The computer readable medium may be embodied in the server; or may exist separately without being assembled into the electronic device. The computer readable medium carries one or more programs which, when executed by the electronic device, cause the electronic device to: acquiring transportation demand information; acquiring the running state information of vehicles in the vehicle formation; determining a target vehicle from the vehicle formation based on the transportation demand information and the driving state information; and sending a scheduling instruction to the target vehicle so that the target vehicle executes the transportation task indicated by the transportation demand information according to the scheduling instruction.

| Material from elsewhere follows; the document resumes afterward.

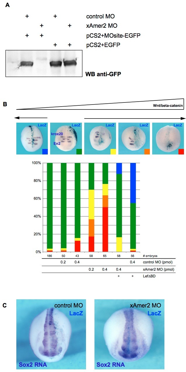 Figure S4. Amer2 affects neuroectodermal patterning. A, The xAmer2-MO sequence specifically targets xAmer2. Embryos were injected in both blastomeres at the 2-cell-stage with 0.8 pmol of xAmer2-MO or control-MO along with either 100 pg RNA of the Amer2 pCS-MOsite-EGFP construct or pCS-EGFP alone. The Amer2-MOsite construct contains the xAmer2 sequence targeted by the Amer2-MO fused to EGFP. Injected embryos and uninjected controls were analyzed by western blotting at NF stage 12.5 as indicated. B, Depletion of xAmer2 by Amer2-MO injection affects anterior-posterior patterning of the neuroectoderm as shown by expression of En-2 and krox-20. Embryos were injected in one anterior-dorsal blastomere at the 8-cell-stage with 100pg LacZ DNA plus 0.2 or 0.4 pmol of Amer2-MO or control-MO. For rescue experiments 500 pg of LefδBD RNA were co-injected as indicated below the panels. Embryos were stained for LacZ to label the injected side, probed by in situ hybridization for expression of En-2 and krox-20 at NF stage 20 and scored for reduced or expanded expression of the markers on the injected side as compared to the uninjected side of the same embryo. Images on the top show embryos representative for observed phenotypes, injected sides are oriented to the right in all images. Images on the top show embryos representative for observed phenotypes. The colored insets represent phenotypes as following: blue=enhanced/posteriorly shifted markers at injected side, green=equal/normal expression of markers, yellow=markers reduced/anteriorly shifted at injected side, orange=markers lost at injected side, red=markers lost at injected and uninjected side of the embryo. The graph shows the statistics of at least three independent experiments. Numbers below the graph represent analyzed embryos. C, Depletion of xAmer2 by Amer2-MO injection does not affect neural induction as revealed by Sox2. Whole mount in situ hybridization with the pan-neural marker Sox2 at NF stage 20 as indicated. Embryos were injected in both dorsal blastomeres at the 4-cell-stage with 0.8 pmol of xAmer2-MO or control-MO and 100 pg LacZ DNA.

Computer program code for carrying out operations for embodiments of the present disclosure may be written in any combination of one or more programming languages, including an object oriented programming language such as Java, Smalltalk, C + +, and conventional procedural programming languages, such as the "C" programming language or similar programming languages. The program code may execute entirely on the user's computer, partly on the user's computer, as a stand-alone software package, partly on the user's computer and partly on a remote computer or entirely on the remote computer or server. In the case of a remote computer, the remote computer may be connected to the user's computer through any type of network, including a Local Area Network (LAN) or a Wide Area Network (WAN), or the connection may be made to an external computer (for example, through the Internet using an Internet service provider).
The flowchart and block diagrams in the figures illustrate the architecture, functionality, and operation of possible implementations of systems, methods and computer program products according to various embodiments of the present disclosure. In this regard, each block in the flowchart or block diagrams may represent a module, segment, or portion of code, which comprises one or more executable instructions for implementing the specified logical function(s). It should also be noted that, in some alternative implementations, the functions noted in the block may occur out of the order noted in the figures. For example, two blocks shown in succession may, in fact, be executed substantially concurrently, or the blocks may sometimes be executed in the reverse order, depending upon the functionality involved. It will also be noted that each block of the block diagrams and/or flowchart illustration, and combinations of blocks in the block diagrams and/or flowchart illustration, can be implemented by special purpose hardware-based systems which perform the specified functions or acts, or combinations of special purpose hardware and computer instructions.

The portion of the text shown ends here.